#### [Exercise data]
%%

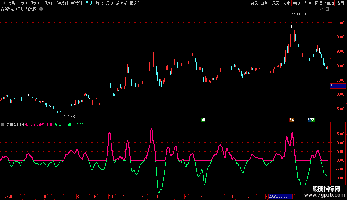 超大主力吐: IF(V4<=0,V4,0),COLOR66FF00,LINETHICK2;
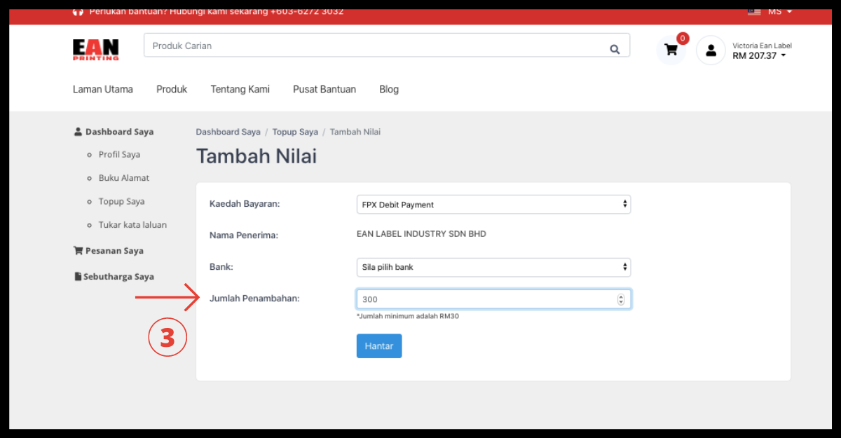 Langkah 3: Kemudian, pilih kaedah pembayaran anda melalui Transfer Antara Bank, Pembayaran Debit FPX, Tunai, Cek Bank masuk. Seterusnya, masukkan jumlah tambah nilai anda.
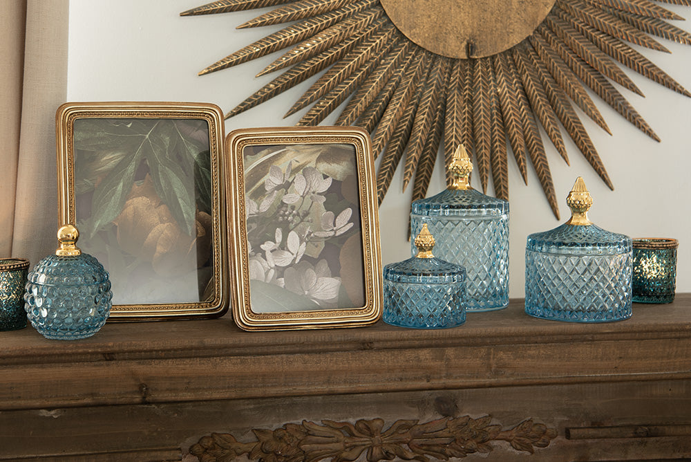 Clayre & Eef Glazen potje Ø 9x10 cm Blauw Glas Potje met deksel
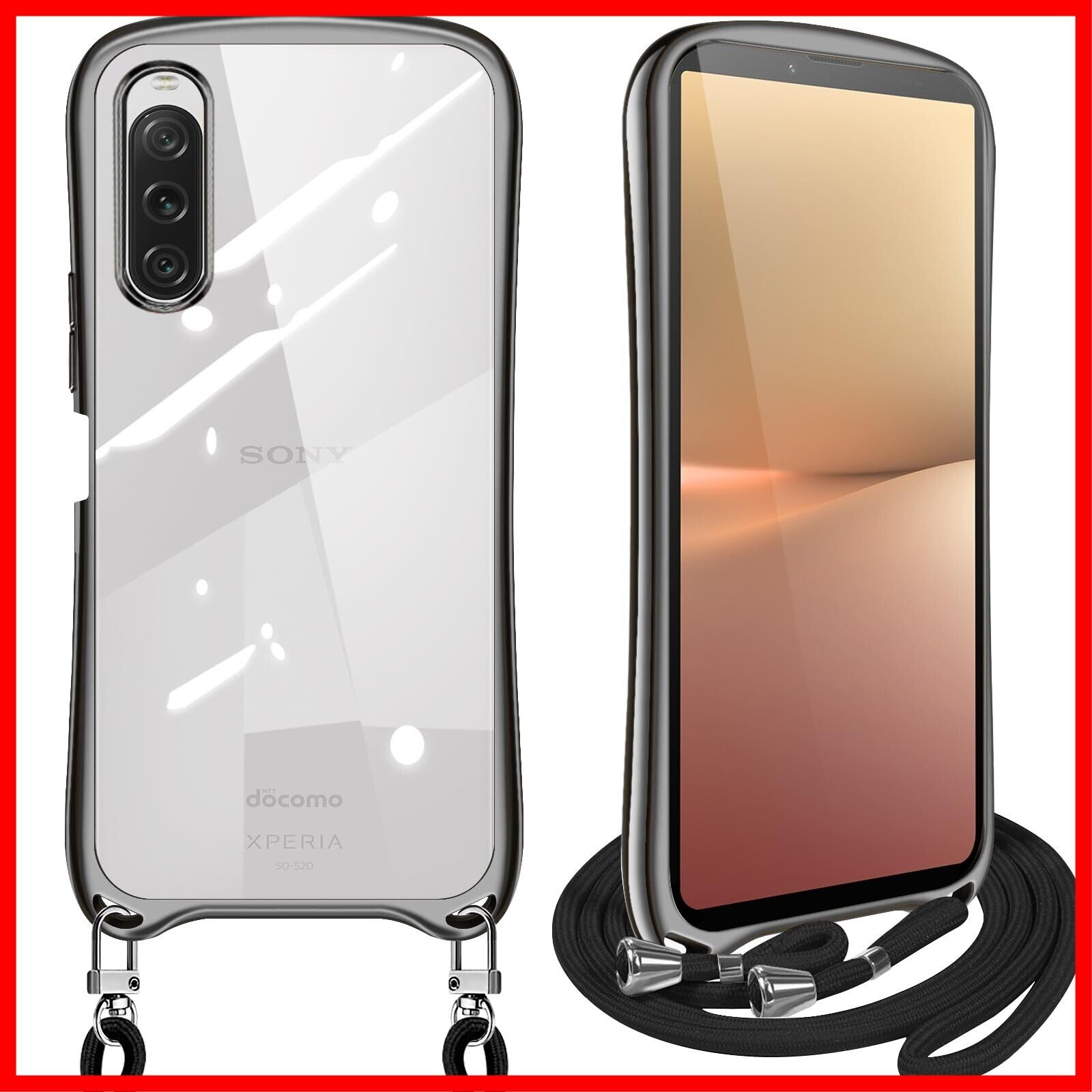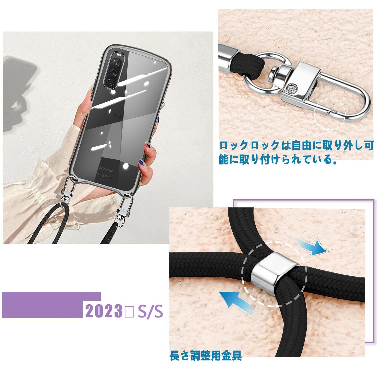 Xperia 10 V ケース ショルダー クリア SO-52D SOG11 エクスペリア10v スマホケース カバー 耐衝撃 透明 TPU ストラップ付き 肩掛け 首掛け 紐付き 斜めがけ シリコン メッキ加工 取り外し可能 長さ調整可能(ブラック)
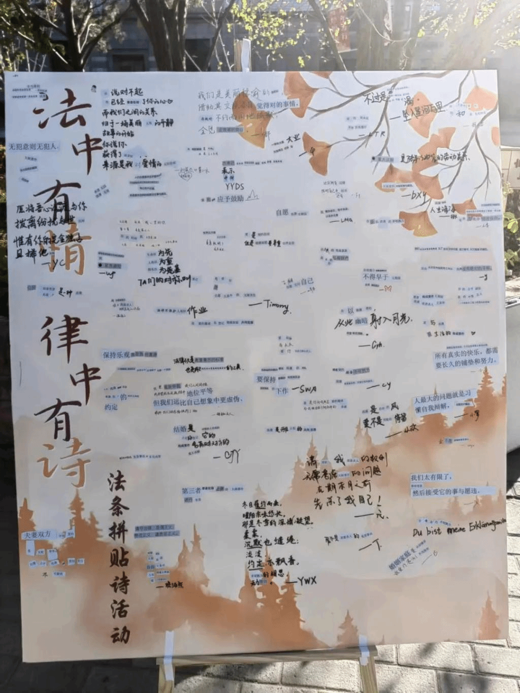 由法学院卓越法治人才培养德育示范基地主办,法学院团委青年志愿者协会承办的“法中有情,律中有诗”法条拼贴诗活动顺利开展,同学们踊跃参加,思维丰富,将法理与诗情相融合,创作出了众多精彩作品。这场别开生面的活动吸引了众多学生的参与,以创新的方式传播了法律知识,同时也引领了一场关于法治文化的热议。
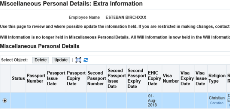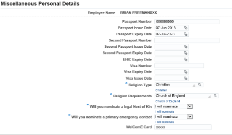The Miscellaneous Personal Details screen will be displayed allowing you to make changes to your details. Please note that the Passport Number and Second Passport Number fields should only contain numerical values and should not be used to record any other information such as "No Passport Held".
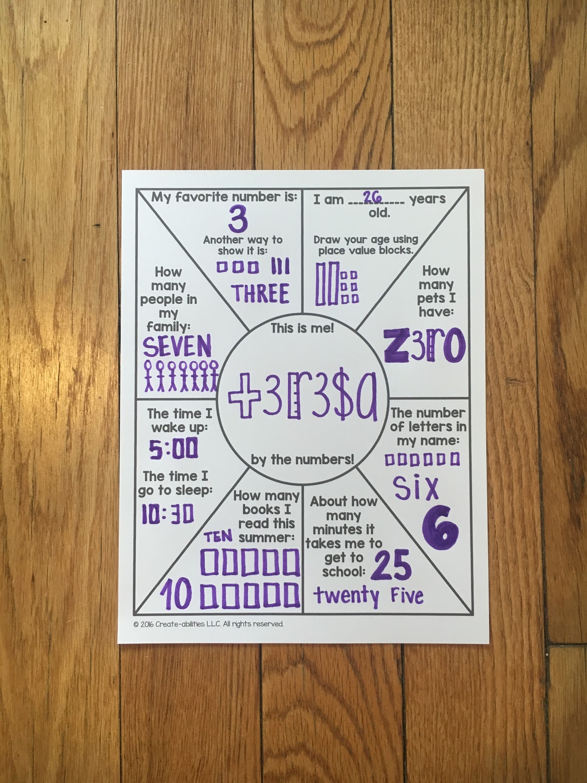 I split the kids up into groups and had them complete this free activity from Amy Groesbeck’s First Day of School Icebreakers called What’s Your Number. It required the group to ask each other questions involving numbers and do some simple addition and subtraction. This was a great opportunity for me to teach/model the right way to work with a group and it also helped to get the kids thinking about Math again!
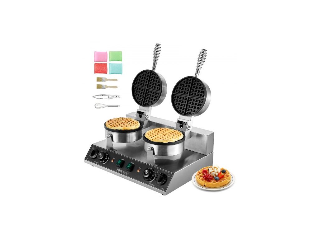 VEVOR Komerční výrobník vaflí, kulatý stroj na vafle se dvěma hlavami, belgický vaflovač z nerezové oceli s nepřilnavým povrchem, 2460 W, regulace teploty a času, rukojeť, pro restaurace, pekárny, bary a bary
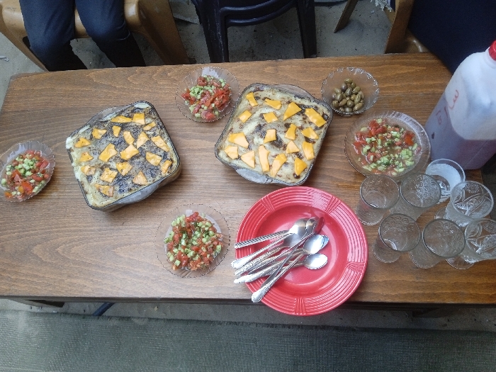 - "A wooden table in Al-Mawasi, Unknown, is set with various food items and tableware" by FM-cV3b62, licensed under CC BY 4.0
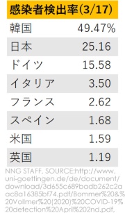 ちょっと不安な言明だ。日本では死後の剖検率が低く、死因の確からしさに疑問が残ることがあるとよく聞く。では、COVID-19についても、日本の「死者数」は正しく報告されているのだろうか。警察が変死として扱った事案で、死後にPCR検査をしたところ、新型コロナウイルスへの感染が判明したケースが4月以降いくつか報告されているし、他にも感染が発覚しないまま亡くなった人がかなりいる可能性も切り捨てられない。もちろん、COVID-19による死亡が実は報告されているものの10倍以上だったということにならないかぎり(さすがにありそうにない)、3月における検出率は欧米よりも高いままなのだが、それでも気になる。
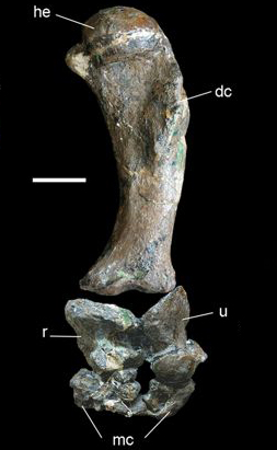 앞다리는 티라노사우루스과를 포함한 다른 대형 육식 공룡보다 비례적으로 짧았다. 팔뚝은 위팔의 1/4 크기였고, 손목뼈 없이 중수골이 팔뚝과 직접 연결되었다. 손에는 4개의 손가락이 있었지만, 가운데 2개만 손가락 뼈로 끝났고, 4번째 손가락은 뼈 조각 같은 중수골로 구성되어 있었다. 손가락은 융합되어 움직일 수 없었고 발톱이 없었을 가능성이 있다. 2009년 연구에 따르면 아벨리사우루스과의 팔은 흔적기관으로, 신경 섬유가 현생 에뮤와 키위새처럼 줄어들었다.

%%

#### [Directions]
Above are the records; set down exactly the lines from the line containing "under CC BY 4.0" through their last line, leaving every picture out.

#### [Result of the exercise]
 - "A wooden table in Al-Mawasi, Unknown, is set with various food items and tableware" by FM-cV3b62, licensed under CC BY 4.0
 ちょっと不安な言明だ。日本では死後の剖検率が低く、死因の確からしさに疑問が残ることがあるとよく聞く。では、COVID-19についても、日本の「死者数」は正しく報告されているのだろうか。警察が変死として扱った事案で、死後にPCR検査をしたところ、新型コロナウイルスへの感染が判明したケースが4月以降いくつか報告されているし、他にも感染が発覚しないまま亡くなった人がかなりいる可能性も切り捨てられない。もちろん、COVID-19による死亡が実は報告されているものの10倍以上だったということにならないかぎり(さすがにありそうにない)、3月における検出率は欧米よりも高いままなのだが、それでも気になる。
 앞다리는 티라노사우루스과를 포함한 다른 대형 육식 공룡보다 비례적으로 짧았다. 팔뚝은 위팔의 1/4 크기였고, 손목뼈 없이 중수골이 팔뚝과 직접 연결되었다. 손에는 4개의 손가락이 있었지만, 가운데 2개만 손가락 뼈로 끝났고, 4번째 손가락은 뼈 조각 같은 중수골로 구성되어 있었다. 손가락은 융합되어 움직일 수 없었고 발톱이 없었을 가능성이 있다. 2009년 연구에 따르면 아벨리사우루스과의 팔은 흔적기관으로, 신경 섬유가 현생 에뮤와 키위새처럼 줄어들었다.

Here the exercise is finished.